Dido and Aeneas, Ustinov Studio, Bath

DEBORAH Warner’s tenure at Bath Theatre Royal’s Ustinov Studio continues with the exciting introduction of opera to the intimate space … and what better start than Purcell’s Dido and Aeneas.

Not many people study the classics in school these days, so the background to the story that has given music the timeless hit Dido’s Lament can be lost. In this production, directed by Isabelle Kettle, the audience not only gets an Ustinov stage  full of varying levels and steps, but an on-stage, shoeless, five piece ensemble led by musical director Michael Papadopoulos at the harpsichord, and a (literally) visceral view of divination by haruspicina –­ with pheasants prayed in aid.

Dido, Queen of Carthage, and her lover, the Trojan prince Aeneas, are doomed – he by the gods to leave her and proceed to found his own dynasty, she to be left and to die after finding true love. In Purcell’s version, first seen in 1689, she is aided by her sister Belinda, cursed by a sorceress and her witches and taunted by drunken sailors before all join together in the unforgettable final aria, taken at a mesmerisingly slow pace which adds to both its beauty and its intensity.

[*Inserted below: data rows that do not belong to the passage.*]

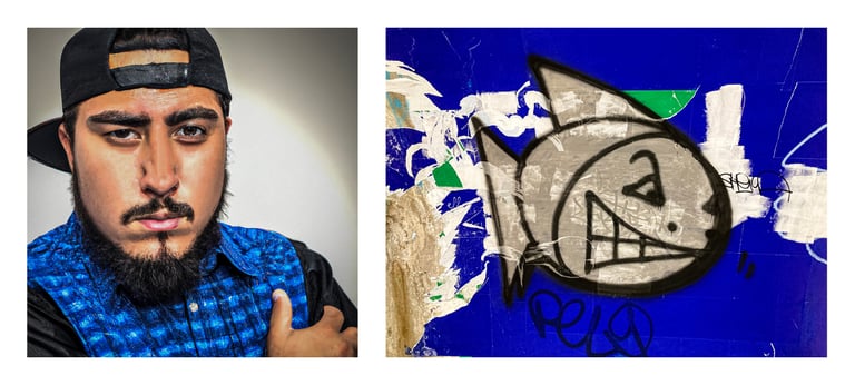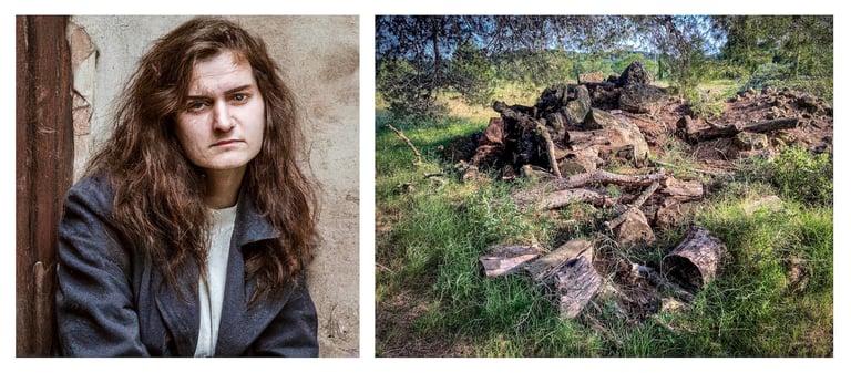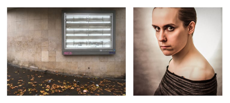 An AI-generated portrait associated with a photograph composes each of the diptychs in this series.
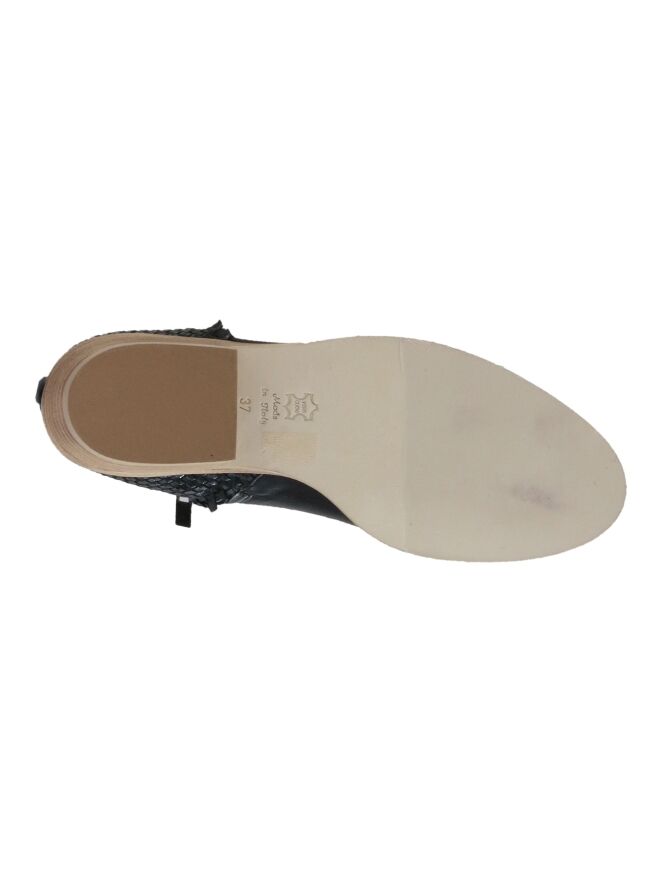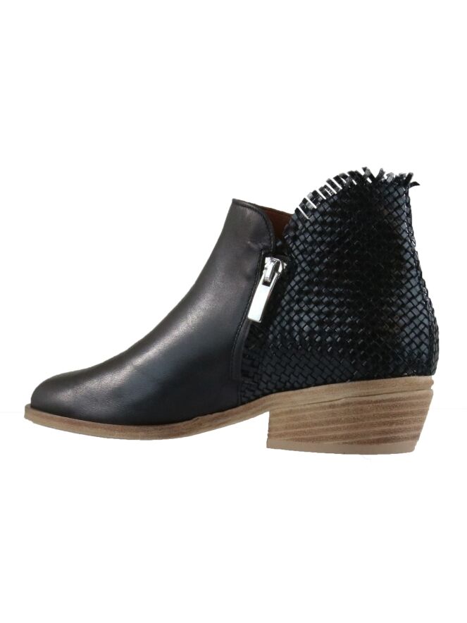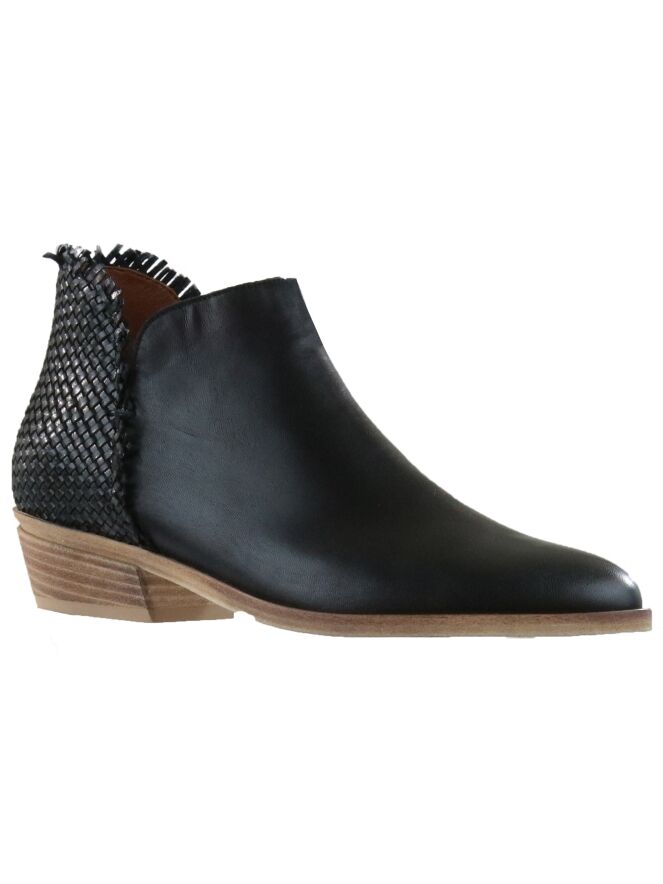 Een kort laarsje van Evaluna in de kleur zwart. De hiel en de zijkanten zijn in een gevlochten leder dat langs de rand van de schacht gerafeld is. De binnenkant is met leder gevoerd.
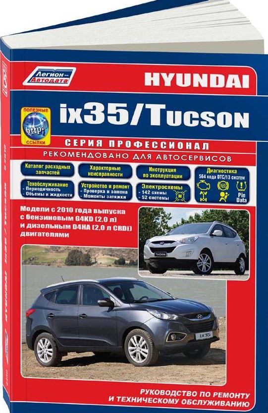Многочисленные описания работ, приведенные в данном автопособии, в значительной степени поспособствуют пользователю в скорейшем устранении любых возникших технических неприятностей как в подготовленных к процедурам условиях гаража, так и, что, согласитесь, бывает куда более актуально, во время путешествия, особенно если форс-мажор проявится уже вдали от цивилизации, что означает фактическое отсутствие возможности обнаружить квалифицированного и грамотного технического специалиста. Также данное руководство поможет подобрать водителю все необходимые запчасти Хендай Туксон, Хендай ix35.
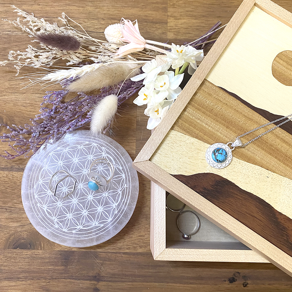 Selenite charging plate: Place your jewellery on selenite overnight to clear and recharge its energy. Selenite is self-cleansing and won’t need recharging itself.
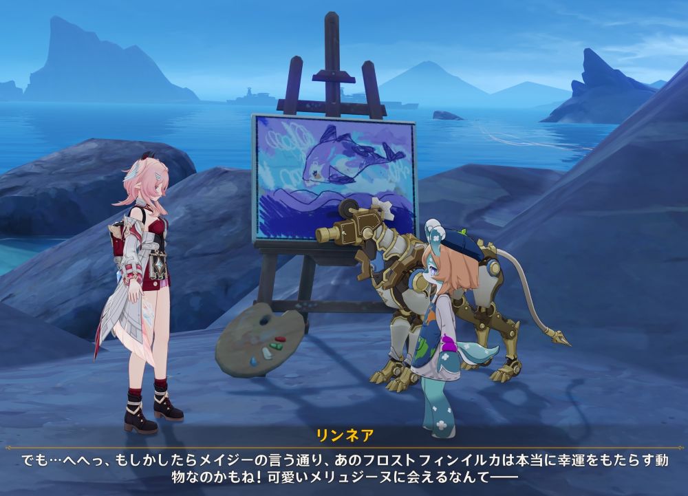 メリュジーヌと初めて対面したリンネアが、こんな可愛らしいリアクションを見せてくれます。瞳がハートマークなんですね…!
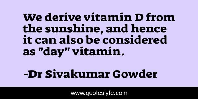 This page presents the quote "We derive vitamin D from the sunshine, and hence it can also be considered as "day" vitamin.". Author of this quote is Dr Sivakumar Gowder. .
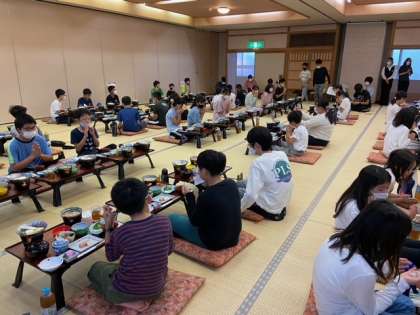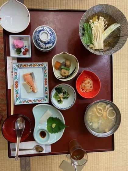 その後、朝食です。丸コンロを使って固形燃料で温かくて美味しい味噌汁がいただけました。
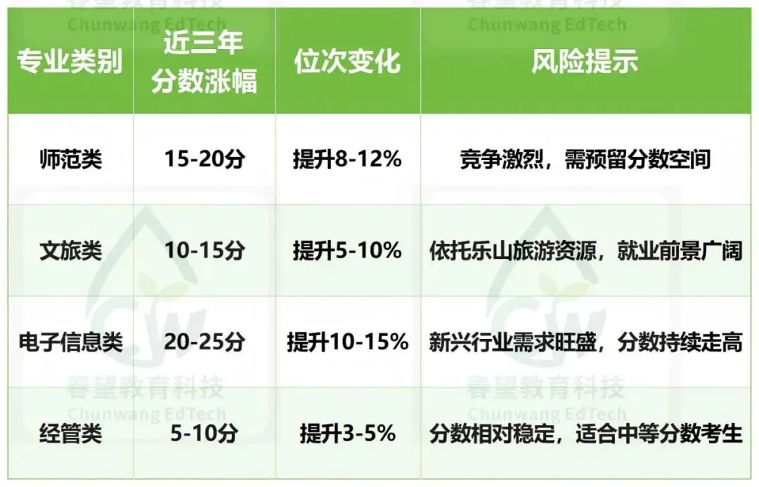 2025年乐山师范学院在四川省计划招生3270人,其中历史类949人,物理类2321人。招生人数最多的5个专业分别是:3. 录取分数波动分析
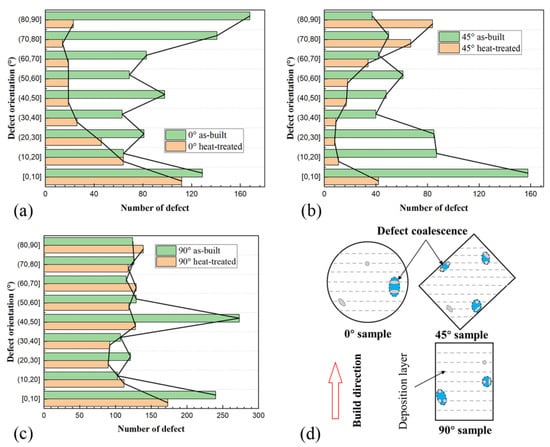 In Figure 12a, a reverse distribution is obvious for the 0° sample. The defects in the 0° as-built sample are mostly distributed along the scanning direction. After the heat treatment, the defect coalescence between adjacent layers leads to an increase in defect proportion along the build direction. The reason is that defects in the subsurface region are more likely to fuse along the axial direction of cylindrical samples under high temperatures, and then the defect orientation is deflected, as shown in Figure 12d.
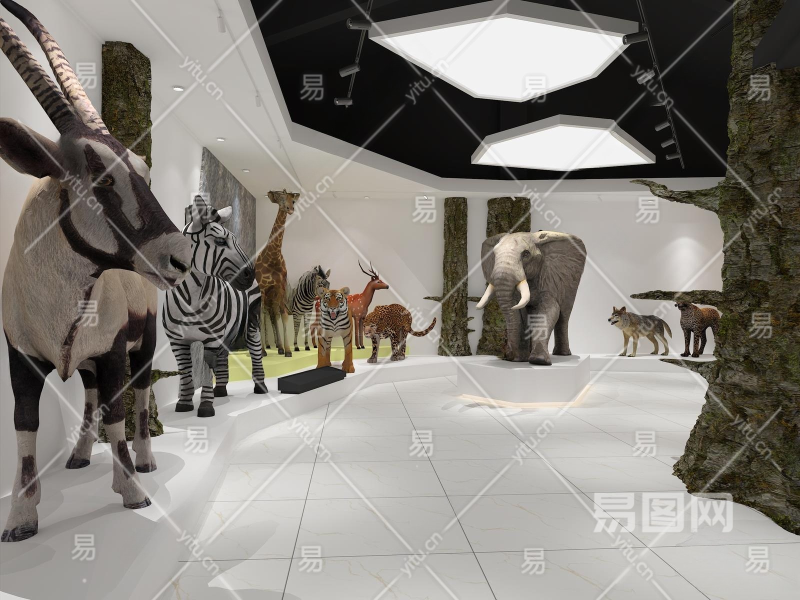 现代动物模型展厅3D模型下载

The hour-long evening begins with Dido under a gauze, as the voice of Anne-Marie Duff reads Sylvia Plath’s poem Mad Girl’s Love Song.

New Zealand soprano Madison Nonoa brings a Dido whose increasing helplessness in the face of a love she knows to be doomed descends into madness. Poor Dominic Bowe is the hapless anti-hero Aeneas, a man who can truly blame the will of the gods for his immediate desertion of his lover.

Perhaps the outstanding performance of the production comes from Ella Taylor, whose beautiful voice and multi-faceted characterisations of both Belinda and the Second Witch add to the momentum and poignancy of the story.

The spare setting concentrates the story and proves the Ustinov acoustic to be ideal for chamber opera, as it was for the danced Minotaur and Christine Rice’s performance of Britten’s Phaedra, earlier in the season.

When I Am Laid in Earth is a real ear-worm of an aria, and you won’t hear a more intensely felt version than here.